Synthetix, a DeFi protocol that provides liquidity for permissionless derivatives like perpetual futures and options, launched on Arbitrum in July. The protocol operates on multiple blockchain networks, including Ethereum, Optimism, and Base. Perpetual futures, or “perps,” are derivatives that allow traders to buy or sell an asset at a future date without expiration. Currently, GMX dominates the decentralized perps market on Arbitrum with over $430 million in total value locked (TVL), according to DefiLlama.

Several applications built on Synthetix focus on perps trading, while others specialize in yield strategies such as basis trades. Losquadro noted that enabling users to deposit multiple token types as margin collateral opens up more possibilities. Instead of just using stablecoins like U.S. Dollar Coin (USDC) for margining perps, users will be able to use Ethereum and Bitcoin as well.
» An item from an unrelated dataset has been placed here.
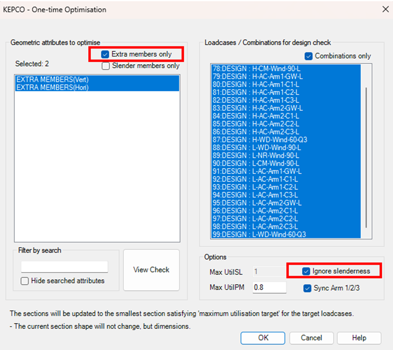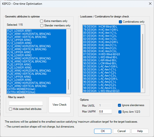 보조재는 보조재 추가에 따른 구조해석의 대상으로 보지 않고, 모 부재에서 발생하는 단면력의 1~2% 을 지지할 수 있는 단면으로 결정합니다. 보조재를 생성할 때, 선택 가능한 단면 데이터베이스 중 가장 작은 단면을 배치한 상태이므로, 이 기준을 충족하기 위해 One-time Optimisation 을 보조재를 대상으로 실행합니다.

Synthetix also plans to integrate Chainlink Data Streams into its upcoming V3 deployment on Arbitrum. Losquadro believes that the multi-collateral feature will help Synthetix compete with existing Arbitrum DeFi protocols like GMX. However, he stressed that the goal is not just about perpetual futures but also about allowing people to build on top of the system in a composable, permissionless way.